[Start of section]

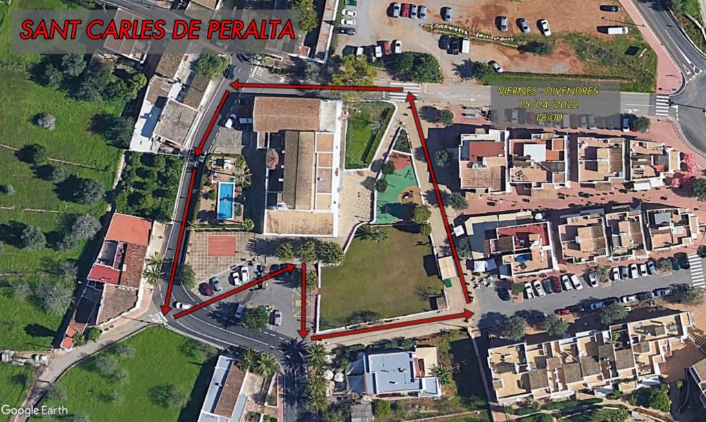 Los primeros recorridos tendrán lugar este mismo viernes, 8 de abril, con la celebración de dos procesiones del conocido como Viernes de Dolores. A las 19:30 horas en es Puig d’en Valls, habrá una procesión que, saliendo de la iglesia, transcurrirá por las calles Padre Bartolomé, de la Paz, Santiago Rusiñol y avenida es Puig d’en Valls. A la misma hora, en Santa Eulària procesionará la Cofradía de la Virgen de la Esperanza. Los costaleros saldrán desde el cruce de Camí de Missa, dirigiéndose hacia la capilla de Lourdes donde realizarán una ofrenda tras la cual seguirán el recorrido por la calle Sant Jaume hasta s’Alamera, para seguir por Sant Joan, Rodríguez de Valcárcel, del Mar, Isidor Macabich, Sant Llorenç hasta volver al punto de inicio.
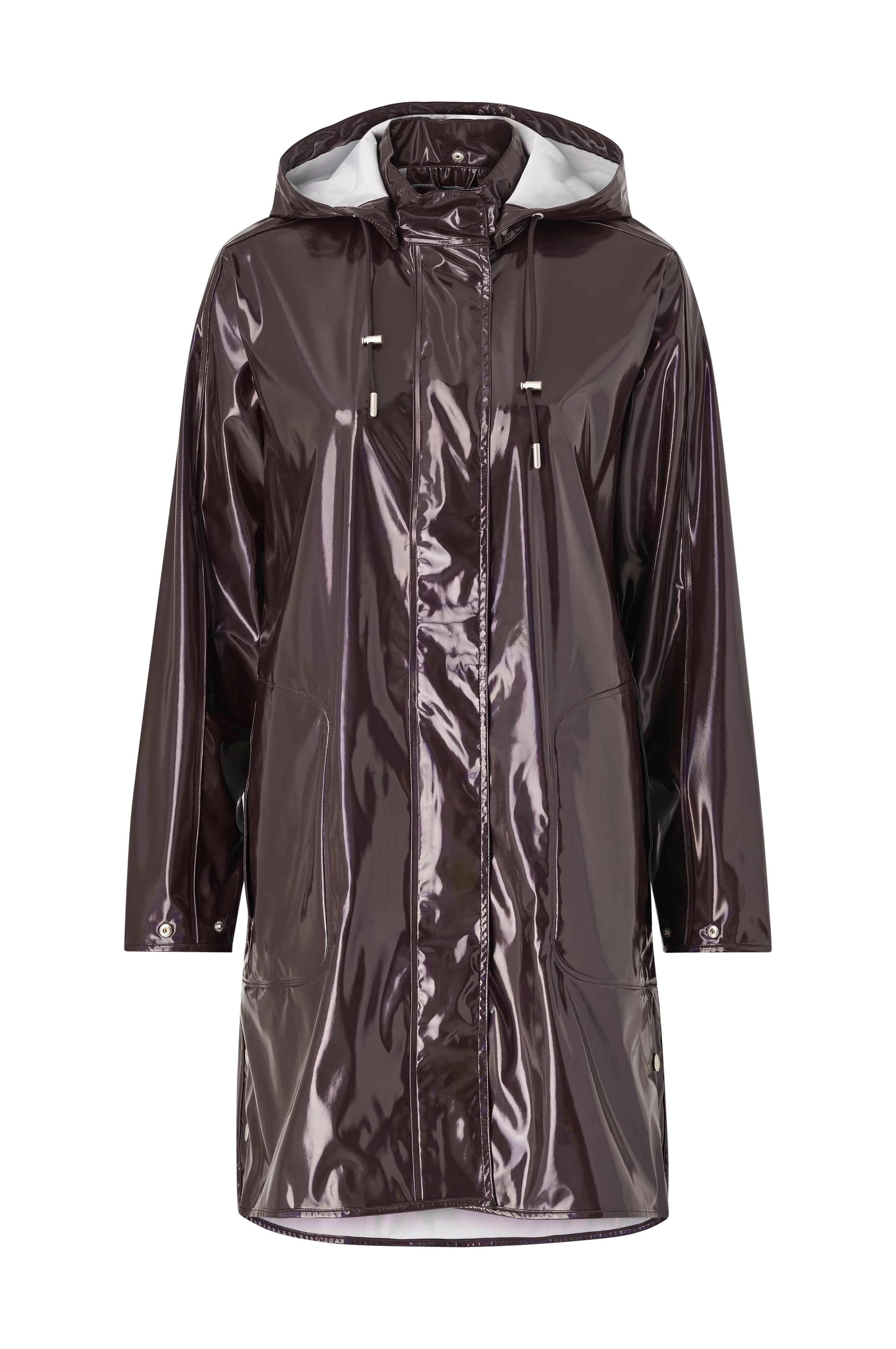 • Vattentät regnjacka i högblank PU • Svetsade sömmar • Avtagbar huva • Tvåvägs YKK-dragkedja • Vindslå över dragkedjan med tryckknappar • Två fickor • Justerbara ärmslut • Sprund nedtill i sidorna med tryckknappar • Vattenpelare: 3000 mm • Längd: 101 cm i storlek 36
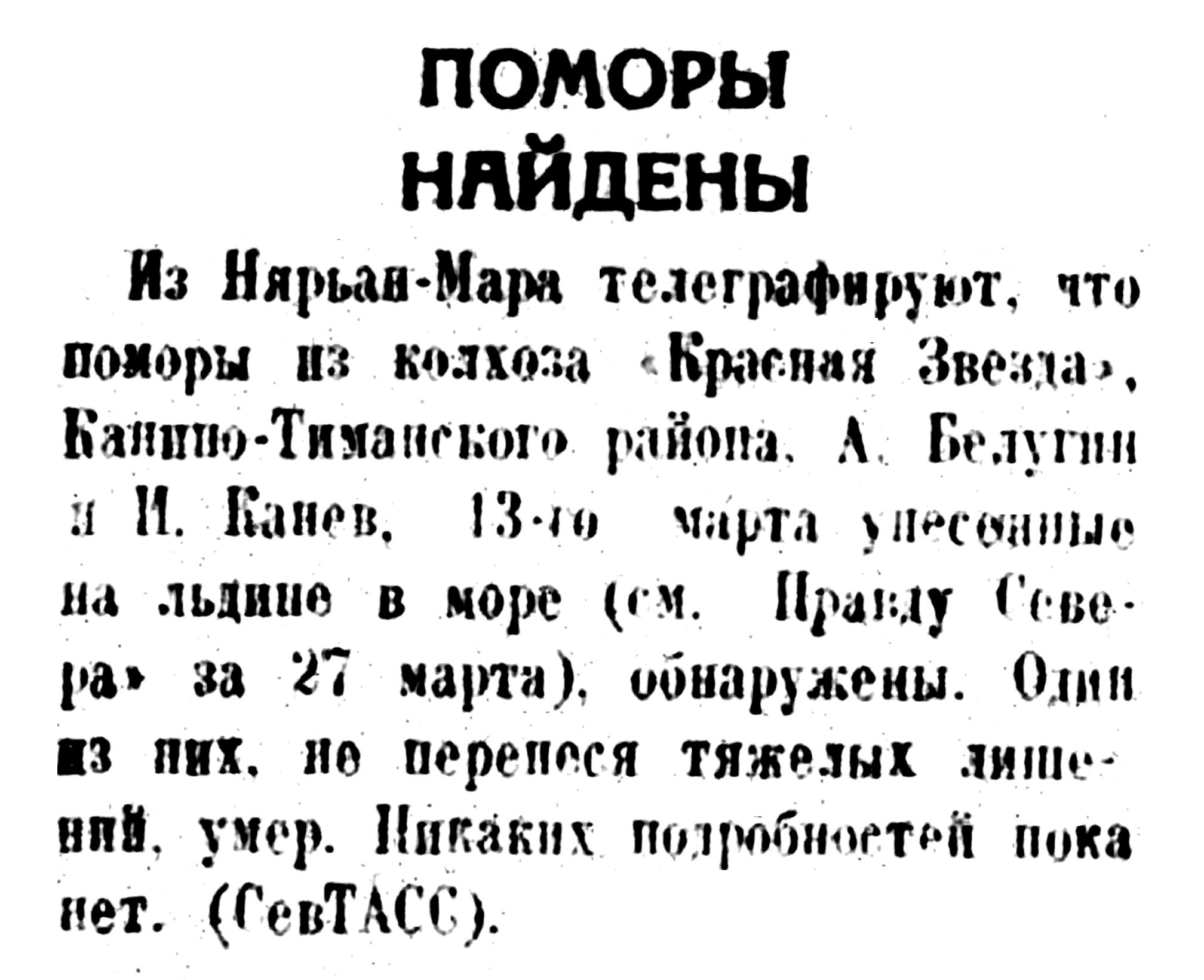 Из Нарьян-Мара телеграфируют, что поморы из колхоза "Красная Звезда", Канино-Тиманского района. А. Белугин и И. Канев. 13-го марта унесенные на льдине в море (см. "Правду Севера" за 27 марта), обнаружены. Один из них, не перенеся тяжелых лишений, умер. Никаких подробностей пока нет. (СевТАСС).
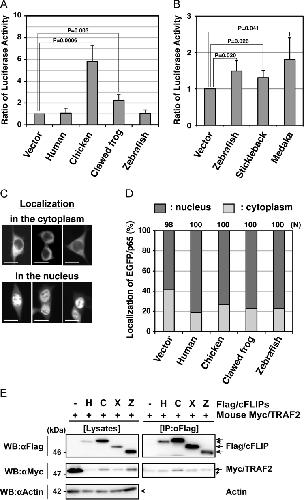 Fig. 5. Functional analyses of non-mammalian c-FLIP proteins on NF-κB activation ability. (A, B) Enzymatic analysis of NF-κB activation induced by non-mammalian c-FLIP proteins. The empty vector or plasmids carrying c-FLIP were transiently co-transfected with pNFκB-Luc and pRL-TK into HEK293 cells, and cultured for 48 h. NF-κB activation was analyzed by measuring enzyme activities of dual luciferases produced in transfected cells using a luminometer. Data are presented as the means and standard deviations of samples counted from three independent experiments. The statistically-significant difference between two groups was evaluated by Studentâs t-test. (C) Cytological analysis of a NF-κB component, p65, in cells expressing c-FLIP. HEK293 cells were transiently transfected with an empty vector or plasmids carrying c-FLIP together with pEGFP/p65, and cultured for 24 h. The localization of EGFP/p65 proteins in transfected cells was analyzed by fluorescence microscopy. Typical patterns of subcellular localization of EGFP/p65: EGFP/p65 normally localizes in the cytoplasm (upper panels), but it translocates into the nucleus when the NF-κB signaling pathway undergoes activation (lower panels) [35]. Scale bars indicate 20 μm. (D) A summary of cytological analyses on the translocation of EGFP/p65. Within each field, positive cells (dark gray) and negative cells (light gray) for EGFP/p65 translocation were counted under the fluorescent microscope and percentages of total were calculated. N indicates the total number of transfected cells examined in four independent experiments. (E) Co-immunoprecipitation and immunoblot analysis of physical interactions between non-mammalian c-FLIP proteins and mouse TRAF2. HEK293 cells were transfected with either pCMV-Flag/HsFLIP, pME18S-Flag/GgFLIP, pME18S-Flag/XlFLIP, pME18S-Flag/DrFLIP, or control vector in combination with pME18S-Myc/TRAF2. Forty-eight hours after transfection, cells were lysed and the c-FLIP complex was immunoprecipitated from whole cell lysates with an anti-Flag antibody. Samples were analyzed alongside aliquots of the cell lysates by immunoblotting with anti-Flag, anti-Myc, and anti-actin antibodies, respectively. An asterisk indicates immunoglobulin light-chain. Abbreviations: H, human; C, chicken; F, clawed frog; Z, zebrafish; IP, immunoprecipitation; WB, western immunoblotting. |
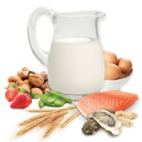 Основным пищевым аллергеном для детей является коровье молоко. Гиперчувствительность встречается у многих малышей, которые реагируют на а-лактоальбумин, казеин, липопротеин, β-лактоглобулин. В этом случае из меню малыша приходится убирать коровье молоко и другие молочные продукты. Некоторые родители пытаются исправить ситуацию с помощью кипячения молока, но этот метод помогает разрушать структуру а-лактальбумина, а на другие составляющие действует плохо. Еще одним сильнейшим аллергеном являются яйца. Многие малыши реагируют на белок яйца разных птиц. Перекрестные аллергические реакции могут быть на белок яиц курицы, гуся, утки, индюшки и пр. Возможна реакция и на желток яйца. Важно отметить, что при аллергии на яйца ребенку могут быть противопоказаны некоторые прививки! Еще одним сильным аллергеном является рыба. Известны даже тяжелые реакции, которые могут развиваться на запах рыбы. Это связано с тем, что подобные аллергены очень устойчивы к кипячению и летучи. Из растительных аллергенов необходимо выделить зерновые продукты. Это может быть даже мука и изделия из неё. Наиболее часто аллергическая реакция возникает на рожь и пшеницу. При такой чувствительности ребенка следует обратить внимание на возможную перекрестную аллергию на пыльцу злаковых трав. Очень сильными аллергенами являются цитрусовые. Они часто вызывают аллергическую реакцию. Одним из не самых безопасных продуктов для малышей является шоколад.

[End of section]

* [Exercise objective]: Excluding the pictures, reproduce every entry exactly as given.

* [Result below]:
 Los primeros recorridos tendrán lugar este mismo viernes, 8 de abril, con la celebración de dos procesiones del conocido como Viernes de Dolores. A las 19:30 horas en es Puig d’en Valls, habrá una procesión que, saliendo de la iglesia, transcurrirá por las calles Padre Bartolomé, de la Paz, Santiago Rusiñol y avenida es Puig d’en Valls. A la misma hora, en Santa Eulària procesionará la Cofradía de la Virgen de la Esperanza. Los costaleros saldrán desde el cruce de Camí de Missa, dirigiéndose hacia la capilla de Lourdes donde realizarán una ofrenda tras la cual seguirán el recorrido por la calle Sant Jaume hasta s’Alamera, para seguir por Sant Joan, Rodríguez de Valcárcel, del Mar, Isidor Macabich, Sant Llorenç hasta volver al punto de inicio.
 • Vattentät regnjacka i högblank PU • Svetsade sömmar • Avtagbar huva • Tvåvägs YKK-dragkedja • Vindslå över dragkedjan med tryckknappar • Två fickor • Justerbara ärmslut • Sprund nedtill i sidorna med tryckknappar • Vattenpelare: 3000 mm • Längd: 101 cm i storlek 36
 Из Нарьян-Мара телеграфируют, что поморы из колхоза "Красная Звезда", Канино-Тиманского района. А. Белугин и И. Канев. 13-го марта унесенные на льдине в море (см. "Правду Севера" за 27 марта), обнаружены. Один из них, не перенеся тяжелых лишений, умер. Никаких подробностей пока нет. (СевТАСС).
 Fig. 5. Functional analyses of non-mammalian c-FLIP proteins on NF-κB activation ability. (A, B) Enzymatic analysis of NF-κB activation induced by non-mammalian c-FLIP proteins. The empty vector or plasmids carrying c-FLIP were transiently co-transfected with pNFκB-Luc and pRL-TK into HEK293 cells, and cultured for 48 h. NF-κB activation was analyzed by measuring enzyme activities of dual luciferases produced in transfected cells using a luminometer. Data are presented as the means and standard deviations of samples counted from three independent experiments. The statistically-significant difference between two groups was evaluated by Studentâs t-test. (C) Cytological analysis of a NF-κB component, p65, in cells expressing c-FLIP. HEK293 cells were transiently transfected with an empty vector or plasmids carrying c-FLIP together with pEGFP/p65, and cultured for 24 h. The localization of EGFP/p65 proteins in transfected cells was analyzed by fluorescence microscopy. Typical patterns of subcellular localization of EGFP/p65: EGFP/p65 normally localizes in the cytoplasm (upper panels), but it translocates into the nucleus when the NF-κB signaling pathway undergoes activation (lower panels) [35]. Scale bars indicate 20 μm. (D) A summary of cytological analyses on the translocation of EGFP/p65. Within each field, positive cells (dark gray) and negative cells (light gray) for EGFP/p65 translocation were counted under the fluorescent microscope and percentages of total were calculated. N indicates the total number of transfected cells examined in four independent experiments. (E) Co-immunoprecipitation and immunoblot analysis of physical interactions between non-mammalian c-FLIP proteins and mouse TRAF2. HEK293 cells were transfected with either pCMV-Flag/HsFLIP, pME18S-Flag/GgFLIP, pME18S-Flag/XlFLIP, pME18S-Flag/DrFLIP, or control vector in combination with pME18S-Myc/TRAF2. Forty-eight hours after transfection, cells were lysed and the c-FLIP complex was immunoprecipitated from whole cell lysates with an anti-Flag antibody. Samples were analyzed alongside aliquots of the cell lysates by immunoblotting with anti-Flag, anti-Myc, and anti-actin antibodies, respectively. An asterisk indicates immunoglobulin light-chain. Abbreviations: H, human; C, chicken; F, clawed frog; Z, zebrafish; IP, immunoprecipitation; WB, western immunoblotting. |
 Основным пищевым аллергеном для детей является коровье молоко. Гиперчувствительность встречается у многих малышей, которые реагируют на а-лактоальбумин, казеин, липопротеин, β-лактоглобулин. В этом случае из меню малыша приходится убирать коровье молоко и другие молочные продукты. Некоторые родители пытаются исправить ситуацию с помощью кипячения молока, но этот метод помогает разрушать структуру а-лактальбумина, а на другие составляющие действует плохо. Еще одним сильнейшим аллергеном являются яйца. Многие малыши реагируют на белок яйца разных птиц. Перекрестные аллергические реакции могут быть на белок яиц курицы, гуся, утки, индюшки и пр. Возможна реакция и на желток яйца. Важно отметить, что при аллергии на яйца ребенку могут быть противопоказаны некоторые прививки! Еще одним сильным аллергеном является рыба. Известны даже тяжелые реакции, которые могут развиваться на запах рыбы. Это связано с тем, что подобные аллергены очень устойчивы к кипячению и летучи. Из растительных аллергенов необходимо выделить зерновые продукты. Это может быть даже мука и изделия из неё. Наиболее часто аллергическая реакция возникает на рожь и пшеницу. При такой чувствительности ребенка следует обратить внимание на возможную перекрестную аллергию на пыльцу злаковых трав. Очень сильными аллергенами являются цитрусовые. Они часто вызывают аллергическую реакцию. Одним из не самых безопасных продуктов для малышей является шоколад.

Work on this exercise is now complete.